Carrinhas comerciais perdem 10% da isenção de ISV

Veículos abrangidos pela revogação deste benefício fiscal representam 11% das vendas de carrinhas comerciais em Portugal.

Dinheiro Vivo
O secretário de Estado Adjunto e dos Assuntos Fiscais, António Mendonça Mendes © MIGUEL A. LOPES/LUSA

Os automóveis ligeiros de mercadorias, de caixa aberta, sem caixa ou de caixa fechada sem cabina integrada na carroçaria, com peso bruto de 3.500 kg e sem tração integral, que até aqui estavam isentos de Imposto Sobre Veículos (ISV), vão perder 10% deste benefício a partir de 1 de julho. A notícia da perda de isenção foi avançada pelo Jornal de Negócios, vindo mais tarde as Finanças esclarecer que seria apenas parcial: em vez da isenção de 100%, passariam a ter isenção a 90%.

Contas feitas pela Associação do Comércio Automóvel de Portugal (ACAP), atualmente estes veículos representam 11% das vendas de carrinhas comerciais.

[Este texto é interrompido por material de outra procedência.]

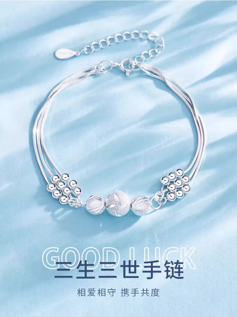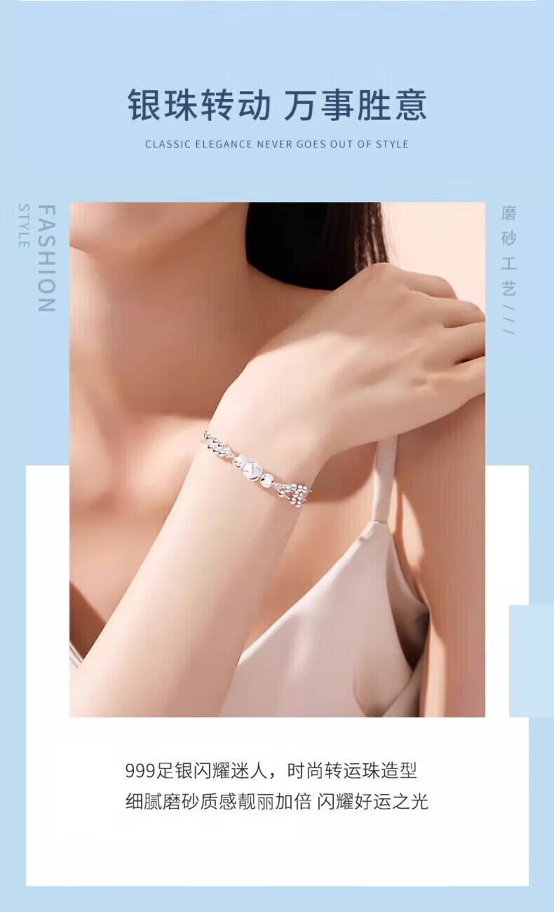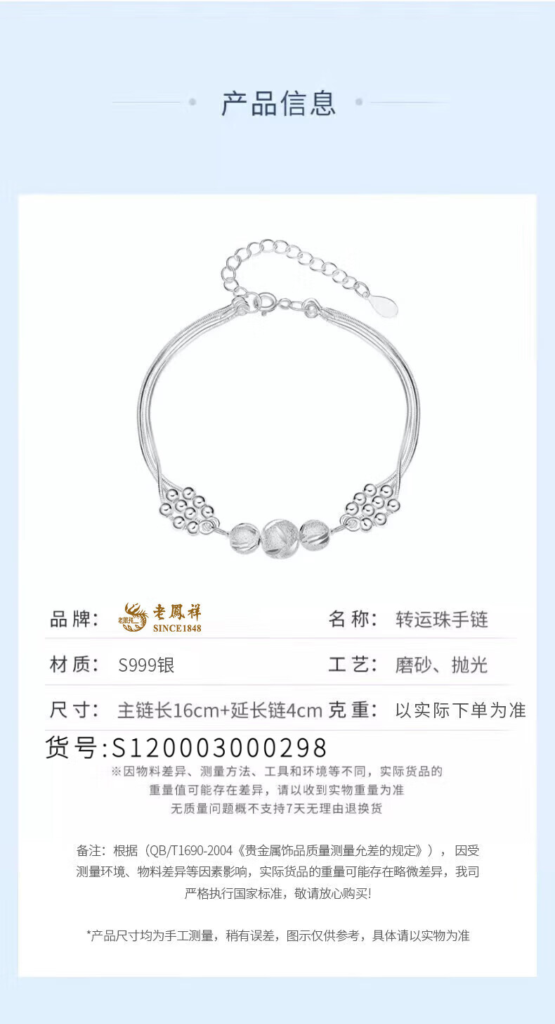 老凤祥三生三世手链足银女款轻奢转运珠手饰情人节生情人节礼物送女朋友 今/次日达*限时清仓*999银三生三世转运珠手链

A alteração decorre da revogação da alínea c) do número 2, do Artigo 2.º do Código do ISV - Imposto Sobre Veículos, que elimina a não-sujeição a ISV para uma tipologia muito específica de veículos: os "automóveis ligeiros de mercadorias, de caixa aberta, sem caixa ou de caixa fechada que não apresentem cabina integrada na carroçaria, com peso bruto de 3500 kg, sem tração às quatro rodas", esclareceu o ministério de João Leão.

"Estes veículos não verão a sua tributação alterada radicalmente, pagarão apenas 10% do ISV aplicável (desconto de 90% face aos veículos de particulares). De notar que em 2019 apenas foram vendidos 4162 destes veículos", sublinha o Ministério.

Esta medida, de acordo com uma lei publicada esta semana em Diário da República, pretende retirar incentivos a veículos que prejudicam o ambiente, justifica o Governo, que fez uma análise aos benefícios fiscais que estavam prestes a caducar. Segundo o Executivo, numa nota explicativa da proposta de lei, os benefícios fiscais em causa eram "injustificados e contrários aos princípios ambientais que subjazem à própria lógica daqueles impostos" - já que o cálculo do ISV tem critérios ambientais, penalizando os veículos com mais emissões poluentes. Além disso, acrescenta a mesma nota, "têm-se revelado permeáveis a utilizações abusivas".

Ao mesmo tempo, é ainda revogado um outro benefício fiscal em relação ao Imposto Único de Circulação (IUC), que prevê uma redução de 50% no caso de veículos da categoria D (também de transporte de mercadorias), desde que "autorizados ou licenciados para o transporte de grandes objetos".

O secretário-geral da ACAP, Helder Pedro, diz que o setor foi apanhado de surpresa e que não teve qualquer oportunidade de se pronunciar. "Não se percebe uma medida destas, numa altura de crise económica, em que as empresas enfrentam já tantas dificuldades, não faz sentido uma revogação destas", disse ao Negócios. Acrescentando que os veículos em causa "são adquiridos essencialmente por empresas, que agora vão ter mais essa despesa fiscal".

Helder Pedro acredita que, como "uma boa parte destes veículos são fabricados em Portugal, significa que também por aí poderá haver empresas diretamente afetadas por esta medida".